I live thousands of miles away from my family. I face loneliness often. I constantly reach for the stars - only to realize that the human system has limits and that it will pull you back to earth rudely with a bump almost every time. Yet something keeps me going.

Tonight, on the telephone, my mother ended the phone call - with the words "See you soon" - it's the first time in a year that she has been able to see that and mean it.

Life is a battle. Tears are part of that battle. I suppose what keeps me going - what is at the heart of my faith in life and my passion for living is a desire to live an original life.

I wish it could be easier - that I could be closer to my loved ones. That resources were unlimited - that problems never last. But that is not the case. So perhaps to be a man is to be honest with yourself. I am an adventurer at heart - and the biggest adventure is the inner life. Buddha said life is suffering. He was right. Until we face that truth with the courage of our most fearless selves - we cannot be said to know what action is.

I suppose we have to find a way to map out a life - midst the fears and doubts, midst the triumphs and struggles - where we live according to our higher nature as best we can. When we fail - then that is the time for gentleness and dogged persistence. I am quite peaceful inwardly....but I rage with anger. I think that is the only way to live in this crooked world.

The anger is inevitable. But how we use it marks the measure of who we are. Either it can destroy us, or, like great alchemists...we can turn it in to gold.
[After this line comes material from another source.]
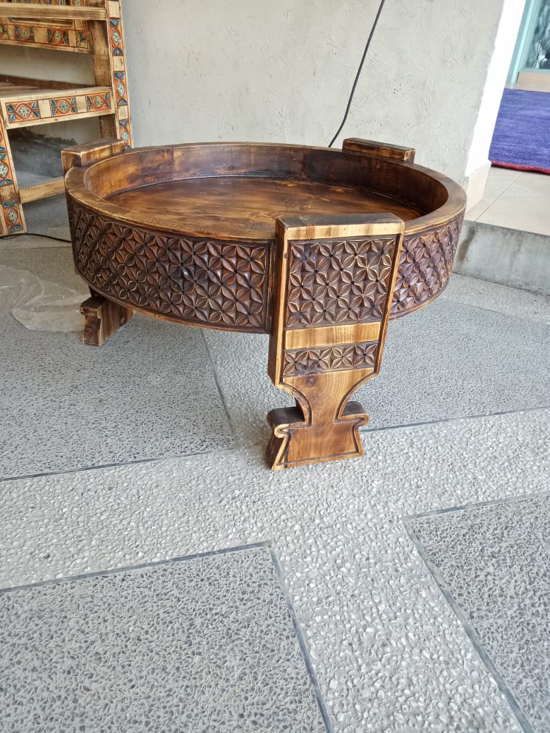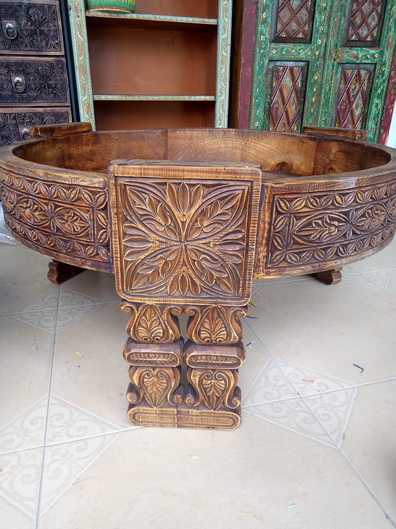 Elevate your living space with the Regal Bloom Table, a masterpiece of ornamental design. Its circular top features intricate floral-inspired patterns, while the golden and white accents on the base add a touch of sophistication. Crafted to be both functional and decorative, this table embodies elegance and tradition, making it the perfect centerpiece for gatherings or a statement piece in your home décor. Whether placed indoors or outdoors, it radiates timeless charm and artistry.

We can use it to fuel an inspired response...to build a better world... or, at least a better corner of that world, in the places where change is needed most - ie in our hearts and minds.
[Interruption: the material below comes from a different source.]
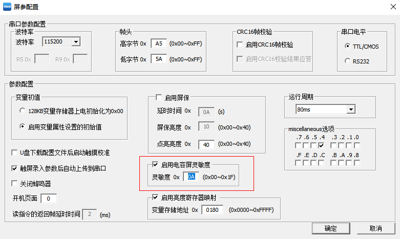 SDWb、SDWa系列串口屏支持用戶自行設(shè)置電容觸摸屏靈敏度功能。

I walked in this evening from bringing in the washing off the line -the squadrons of fruit bats were flying languidly overhead and the tropical night was calmly pursuing them. Sundays are quiet. It was so beautiful to watch them fly... for those few seconds in the quiet of a Sunday. The earth was resting - drinking in the many, many rains that have fallen over the last couple weeks. The sky was gray and turning inside out. The children were playing in the street and the air was warm - as if embracing me. All was right with the universe.

I had spent the day reflecting on the terrible corruption at large in the Indian public service systems - and how essential privatisation is to building an India that is not so terribly ugly and corrupt. Four weeks ago I sent 2 parcels to South Korea by airmail - and they still have yet to arrive! After extensive searches I found out that they were sitting in Calcutta where a low-life customs agent is awaiting a suitable bribe for their continued passage...It left me very angry - but also inspired me to take up a serious study of economics and economic policies.

It is a shocking experience being human - simultaneously we face such tremendous beauty...and such horrific dullness, selfishness and stupidity. All our problems are basically born of inattention, fear and stupidity.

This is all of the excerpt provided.